## SOURCE MATERIAL
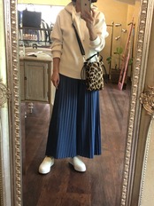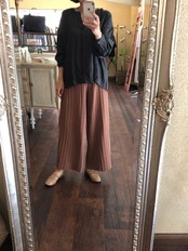 スカートにも見えるワイドパンツ、着丈長めのトップスのインに合わせるコーディネートもおすすめです。
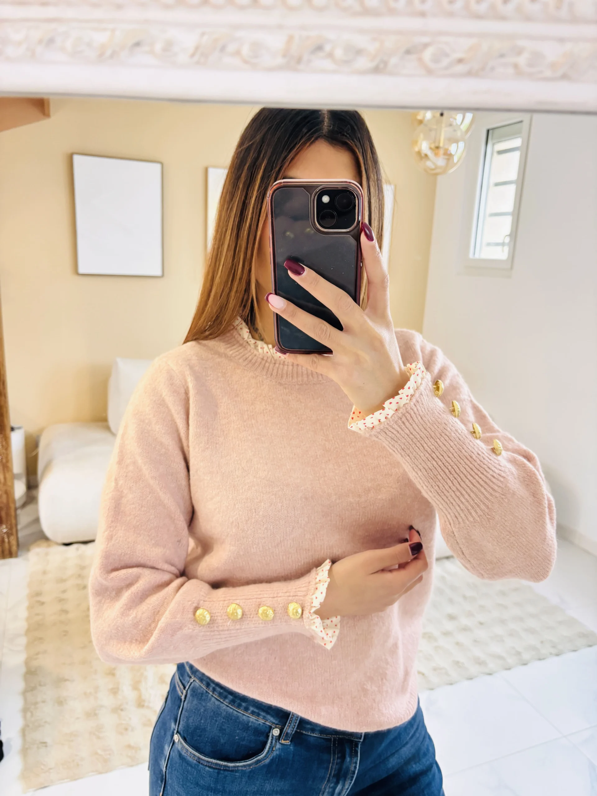 Pull rose doux aux détails cœur, facile à porter au quotidien.
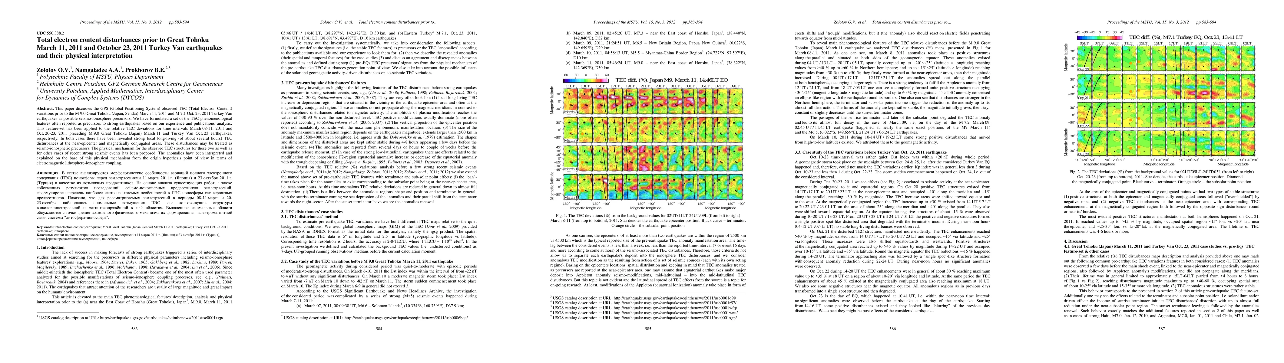 This paper investigates GPS-observed TEC variations prior to the M 9.0 Great Tohoku and M 7.1 Turkey Van earthquakes, identifying significant local TEC disturbances as potential seismo-ionospheric precursors. The study proposes a physical mechanism based on electromagnetic lithosphere-ionosphere coupling to explain these anomalies.
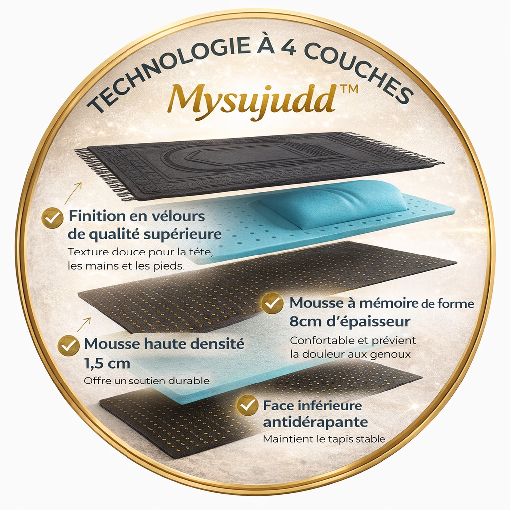 Découvrez Mysujudd™, le tapis de prière ergonomique pensé pour votre confort et votre recueillement.
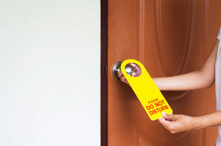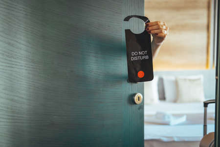 Woman hands holding please do not disturb sign in hotel room
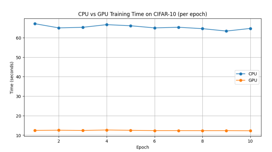 Here’s how CPU vs GPU training time on CIFAR-10:
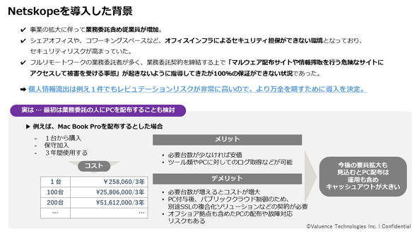 「Netskope製品導入のそもそもの目的は、社外で働く業務委託の従業員が増えてきたことに伴うマルウェア感染リスクに対処することでした。当初は業務委託含む全従業員にセキュアなPCを配布することも考えましたが、コストシミュレーション時にキャッシュアウトが大き過ぎるとの結論に至りました。その代わりにNetskopeのSASEならば、従業員の私物PCからでもインターネットに安全にアクセスできるようになるため、コスト効率が優れていると判断しました」
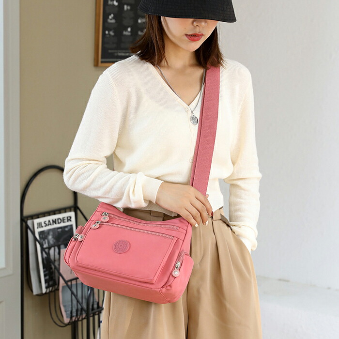ショルダーバッグ 軽量 多層とポケット バッグ 小物 ブランド雑貨 新作 ブラック グリーン ライトパープル ピンク
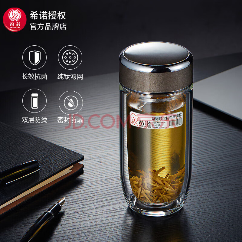 商品相册:希诺(heenoor)双层玻璃杯隔热男女士带滤网茶杯车清新绿250ml-大小适中-1916第1张/共3
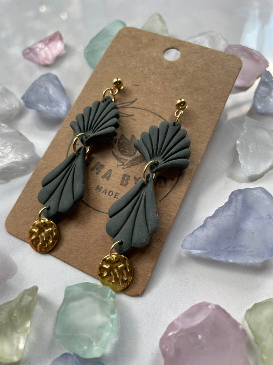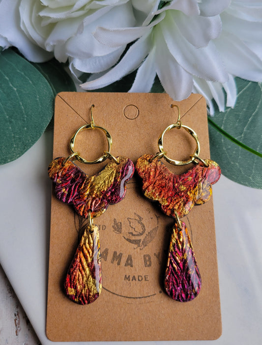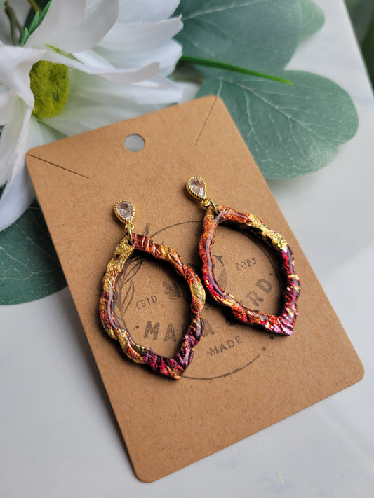 Ruby & Gold Open Scalloped Dangle on Cubic Zirconia Post
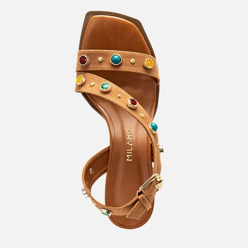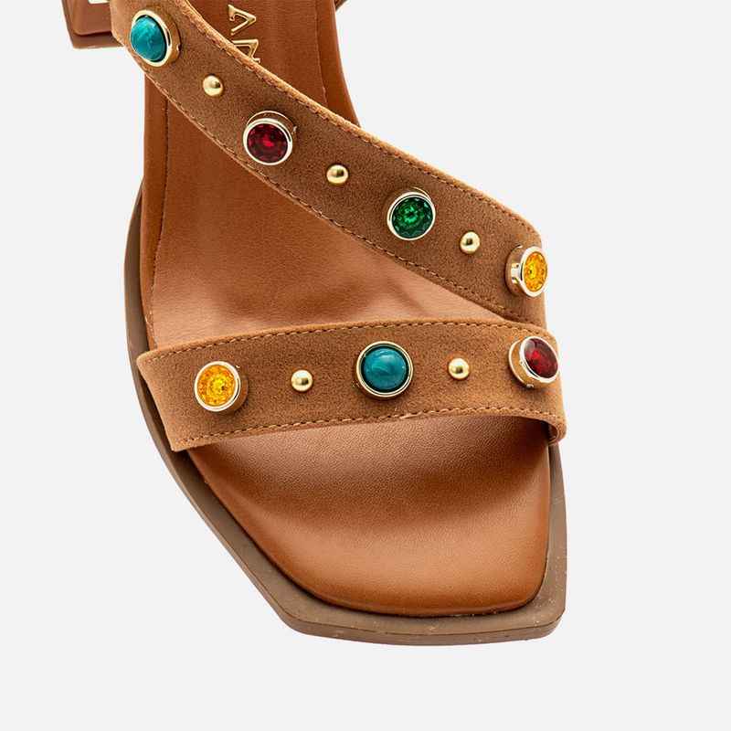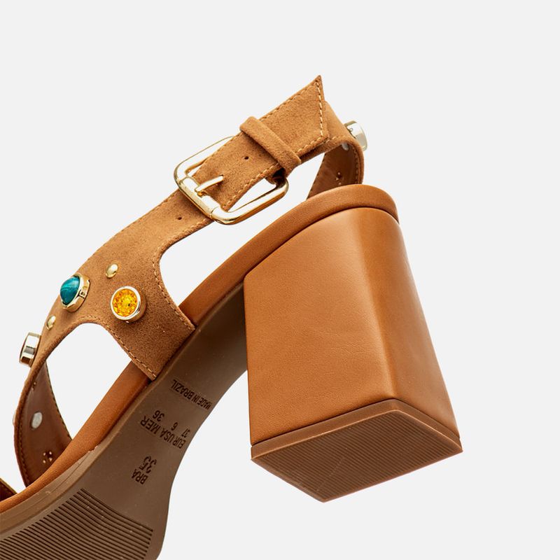 Sandália Salto Alto Bloco Trapézio Tiras Médias com Aplicação em Mix de Metais e Tachas Boho Multicolor na cor Caramelo. Com solado emborrachado na cor caramelo – sob o salto e parte frontal da palmilha com vira aparente, palmilha encaixada revestida em napa lisa com traseira arredondada e bico quadrado, grupo de tiras achatadas médias com aplicação em mix de metais e tachas/studs, no estilo Boho, sendo: metal arredondado dourado com pedraria em resina de esfera e também em strass redondo ambos multicolor, e mini rebites também em dourado, as tiras são em material aveludado tipo camurça sendo: uma sobre os dedos, uma cruzada em diagonal no peito do pé e fixada em uma tira na lateral do tornozelo e depois cruzada no calcanhar, essa tira possui maxi fivela quadrada em metal para fechamento e ajuste de regulagem do calce. A palmilha tem a marca Milano aplicada em etiqueta 3D na cor dourada.
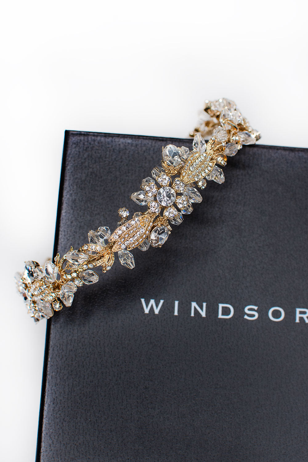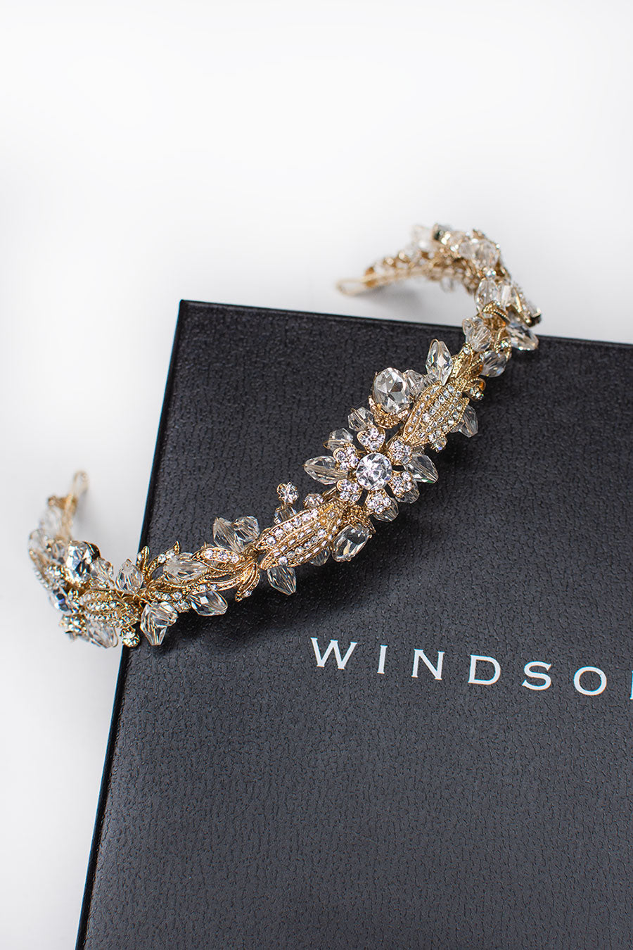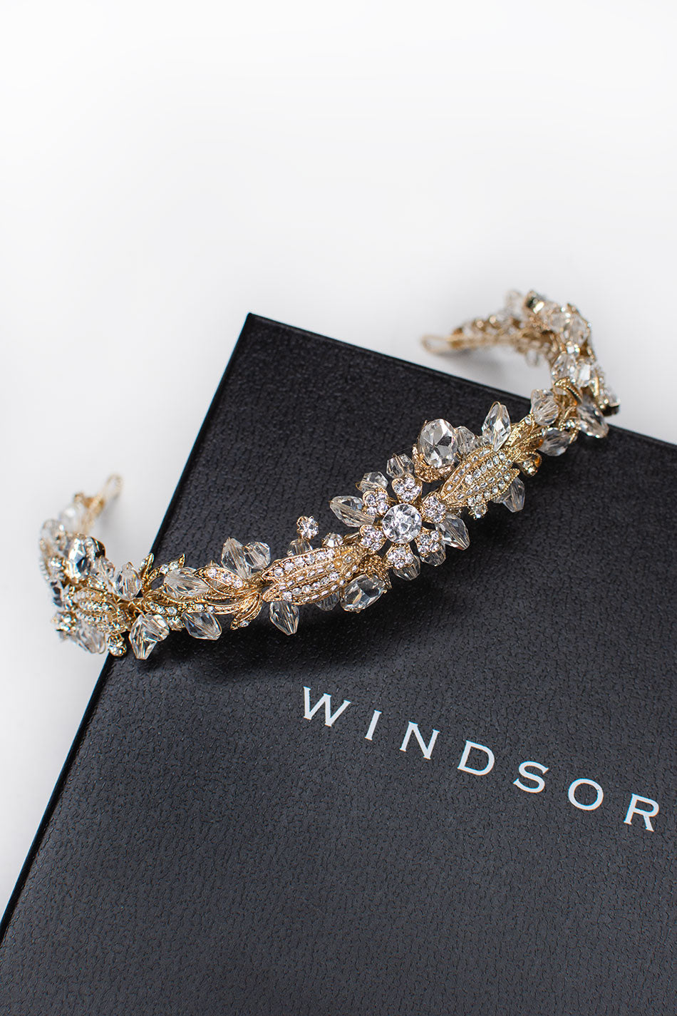 A stunning bridal headband beautifully encrusted with fine golden leaves and layers of beautiful clear crystals, Yasmin is a favourite amongst many brides. Featuring Swarovski crystal embellishments and crystal beading, this design is a refined and elegant example of bridal jewellery that pulls out all the stops. Yasmin's metal frame is bendable, allowing the headband to be easily shaped to your head for no tight pressure when wearing so that you can have a headache-free breeze of a wedding day. Yasmin is the ultimate crowning glory for the bridal look of your dreams.

## TASK PROMPT
What is needed is an exact copy of the lines above, from the one holding "Here’s how CPU" down to the one holding "Sandália Salto Alto", with those two included and the pictures left out.

## WRITTEN ANSWER
 Here’s how CPU vs GPU training time on CIFAR-10:
 「Netskope製品導入のそもそもの目的は、社外で働く業務委託の従業員が増えてきたことに伴うマルウェア感染リスクに対処することでした。当初は業務委託含む全従業員にセキュアなPCを配布することも考えましたが、コストシミュレーション時にキャッシュアウトが大き過ぎるとの結論に至りました。その代わりにNetskopeのSASEならば、従業員の私物PCからでもインターネットに安全にアクセスできるようになるため、コスト効率が優れていると判断しました」
ショルダーバッグ 軽量 多層とポケット バッグ 小物 ブランド雑貨 新作 ブラック グリーン ライトパープル ピンク
 商品相册:希诺(heenoor)双层玻璃杯隔热男女士带滤网茶杯车清新绿250ml-大小适中-1916第1张/共3
 Ruby & Gold Open Scalloped Dangle on Cubic Zirconia Post
 Sandália Salto Alto Bloco Trapézio Tiras Médias com Aplicação em Mix de Metais e Tachas Boho Multicolor na cor Caramelo. Com solado emborrachado na cor caramelo – sob o salto e parte frontal da palmilha com vira aparente, palmilha encaixada revestida em napa lisa com traseira arredondada e bico quadrado, grupo de tiras achatadas médias com aplicação em mix de metais e tachas/studs, no estilo Boho, sendo: metal arredondado dourado com pedraria em resina de esfera e também em strass redondo ambos multicolor, e mini rebites também em dourado, as tiras são em material aveludado tipo camurça sendo: uma sobre os dedos, uma cruzada em diagonal no peito do pé e fixada em uma tira na lateral do tornozelo e depois cruzada no calcanhar, essa tira possui maxi fivela quadrada em metal para fechamento e ajuste de regulagem do calce. A palmilha tem a marca Milano aplicada em etiqueta 3D na cor dourada.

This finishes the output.